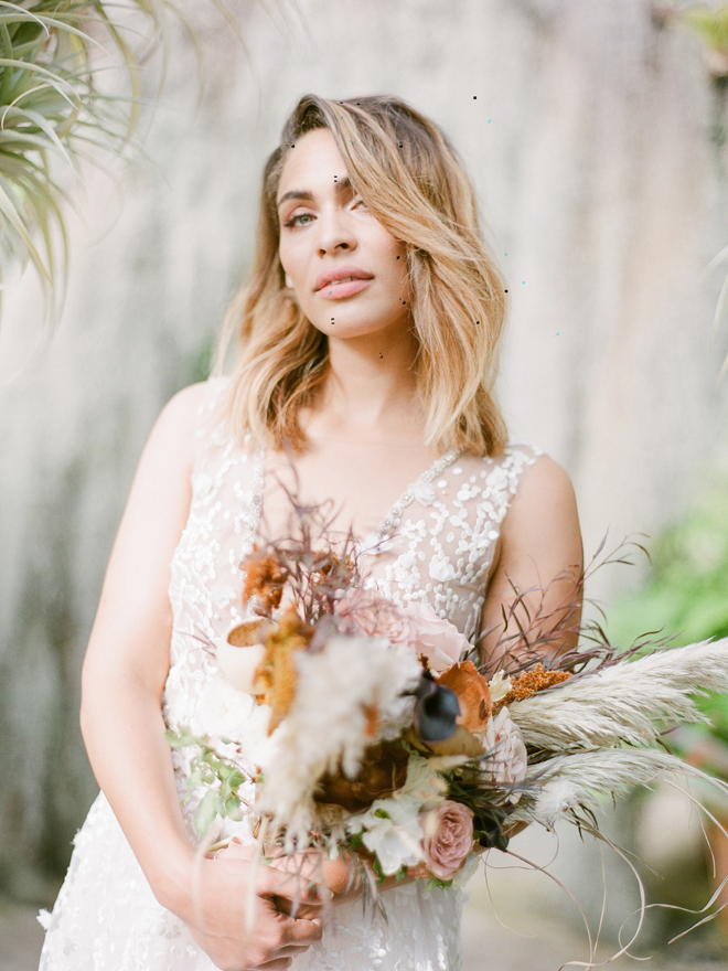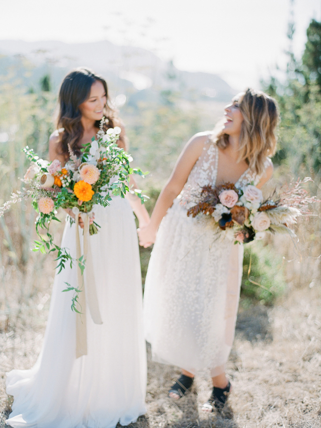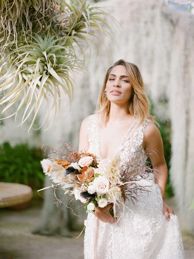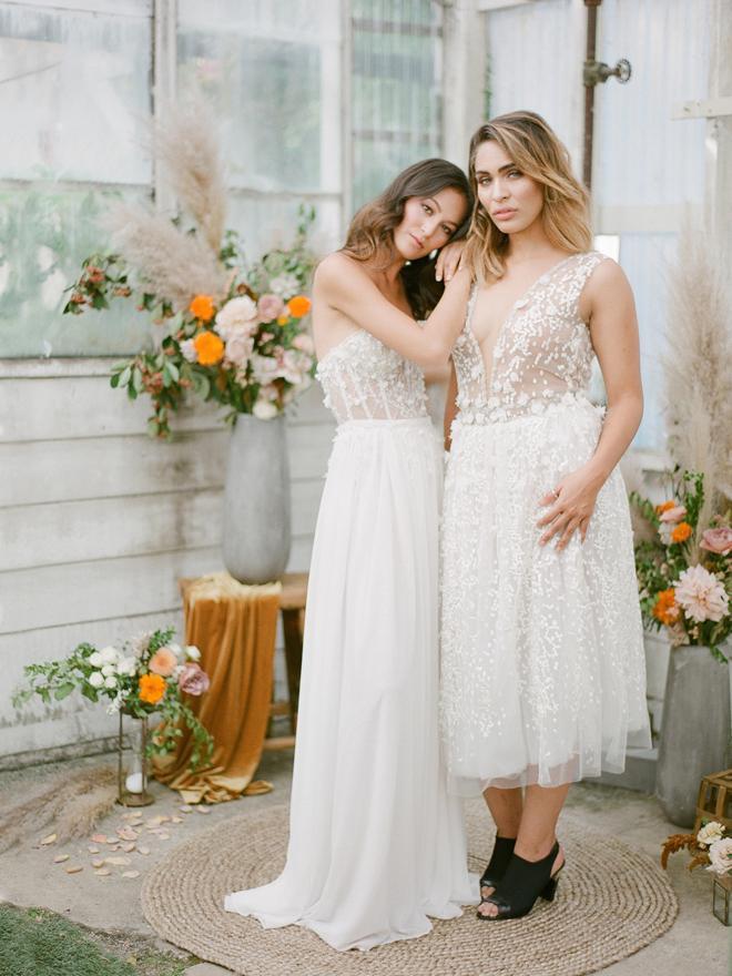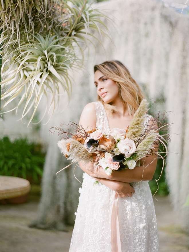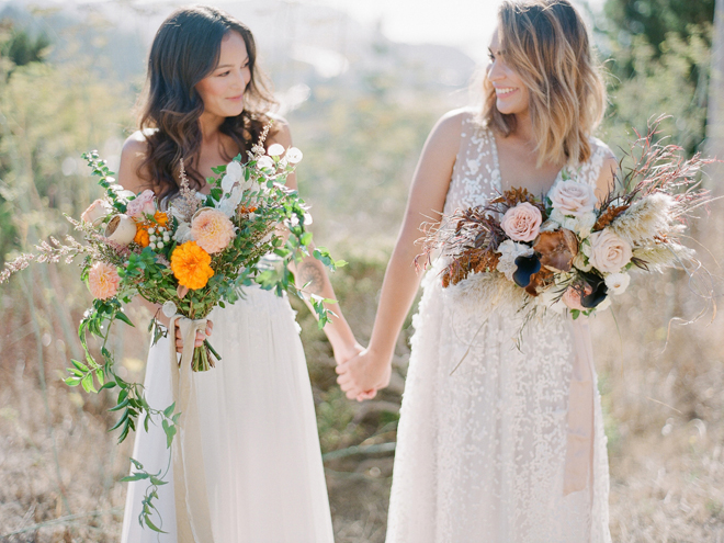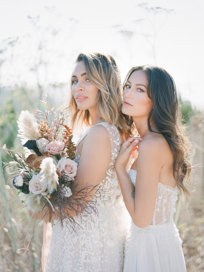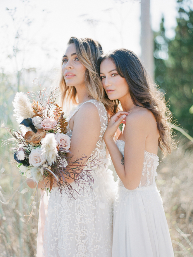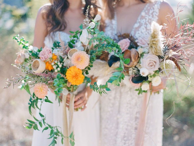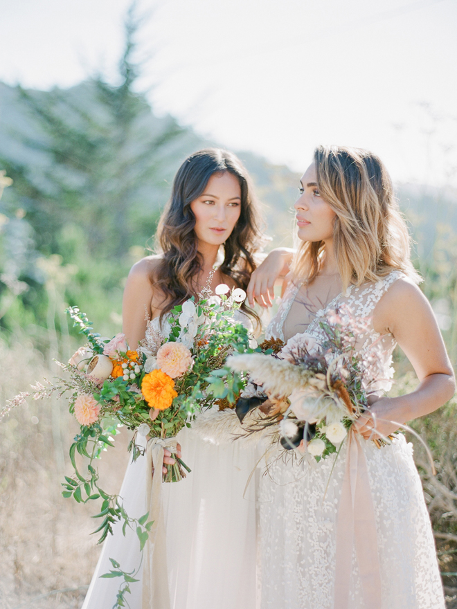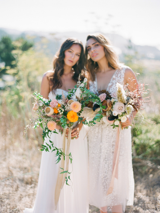 If you love #BohoBrideDetails as much as we do, you’re going to absolutely die over this #StyledShootSunday …it has all the feels: the boho vibe, bespoke bridal gowns, gorgeous hair and makeup, dreamy details and a late-summer color palette with burnt oranges and blushes…and wait until you see the ceremony pantsuit. #dying And the creative team tops it off with a fab getaway car to boot! Enjoy!
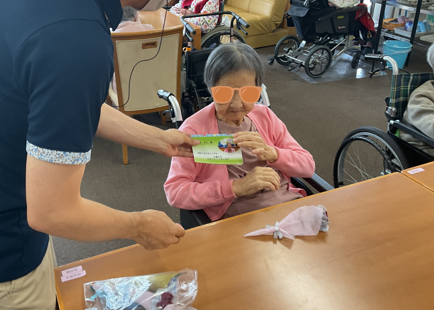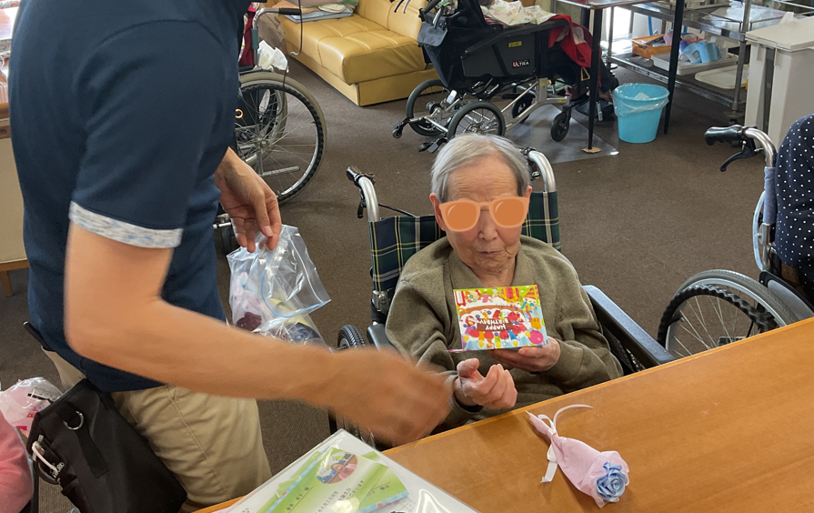 皆さんにバースデーカードとクラフトフラワーをプレゼントしました。
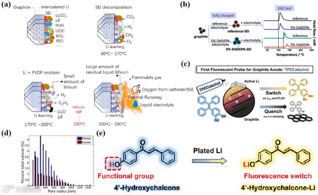 最后,本文还讨论了石墨负极的热稳定性问题。锂化石墨在高温下锂会逐渐从石墨中脱出,石墨表面的高活性锂会与石墨表面SEI、粘结剂等物质反应,带来巨大的安全隐患。通过电解液改性以及石墨表面改性可以提高其热稳定性,此外,从粒径、缺陷等角度调控石墨体相结构也是改善热稳定性的有效方式。(图5)
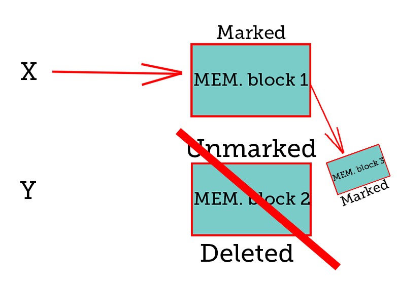 Mark stage goes through all of the accessible memory blocks, even the blocks that are not directly referenced. Here in this example if we remove the y reference to the memory block 2:
##############################
# [Your objective]
Starting with the line that contains "皆さんにバースデーカードとクラフトフラワーをプレゼントしました。", repeat each line exactly through the last line of the data above, and nothing more; the pictures stay out.

# [Output for this task]
 皆さんにバースデーカードとクラフトフラワーをプレゼントしました。
 最后,本文还讨论了石墨负极的热稳定性问题。锂化石墨在高温下锂会逐渐从石墨中脱出,石墨表面的高活性锂会与石墨表面SEI、粘结剂等物质反应,带来巨大的安全隐患。通过电解液改性以及石墨表面改性可以提高其热稳定性,此外,从粒径、缺陷等角度调控石墨体相结构也是改善热稳定性的有效方式。(图5)
 Mark stage goes through all of the accessible memory blocks, even the blocks that are not directly referenced. Here in this example if we remove the y reference to the memory block 2:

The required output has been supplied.